The Edge of Guilt

Prologue

As his mind cleared, the pain returned. Pain like he had never felt before, searing through his legs, his knees destroyed. He struggled to free himself, but he was strapped to a pallet, resting against a tree. The wire cutting deep into his wrists and ankles. And as his mind cleared, his vision cleared from the bright light of the dream to the darkness of the rain-soaked wood at midnight, and he remembered. And as he remembered, he heard the voices, low and muffled inside their black balaclava helmets. Protestant, East Belfast accents as clear as if they were wearing their team colours.

‘Shall we call it a day?’

‘Did he talk?’ There was no reply. Then from the darkness, Sean Kylie could see two more torches moving, and he knew this was near the end, and for the first time since he married, he thanked God.

‘You’re a harder man than my lads thought Mr Kylie.’ He knew his mind must have wandered, this was a Derry accent, soft and familiar; and for a second, he thought the torture was at an end.

‘The lads tell me that you’ve said nothing. That’s a shame; you could have saved all this bother and awkwardness.’ Kylie could feel the bile in his throat, and if he could find the strength, he would spit it at the shape.

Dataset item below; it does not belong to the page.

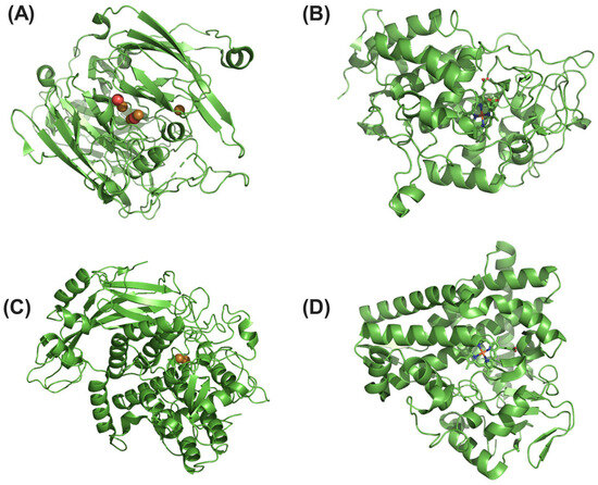 Three-dimensional structures of microbial oxidoreductase enzymes. The selected microbial oxidoreductases are (A) Bacillus subtilis CotA laccase (PDB ID: 1GSK); (B) Phanerochaete chrysosporium lignin peroxidase (PDB ID: 1B85); (C) one subunit of Agaricus bisporus tyrosinase (PDB ID: 5M6B); and (D) cytochrome P450 monooxygenase from Streptomyces scabiei (PDB ID: 8Q5J).

‘The thing is, Mr Kylie, the lads just wanted to you to tell them what you’ve found out. I know what’s on your mind. What you’ve been trying to tell me. I’ve always known, but the youth of today, they don’t trust anybody. Not even me. So they wanted to hear it from your own lips.’ The voice was so close that Sean Kylie could feel the warmth of his breath; smell the stale cigarettes. Oddly, it gave him some comfort. Then he recognised another smell; fear and frustration, and that gave him more heart. But there was another smell as well; aftershave, sweet and sickly. It was a smell he remembered, but as he struggled to put a face to it, his vision blurred into another dream.

Sean Kylie never heard the final shot.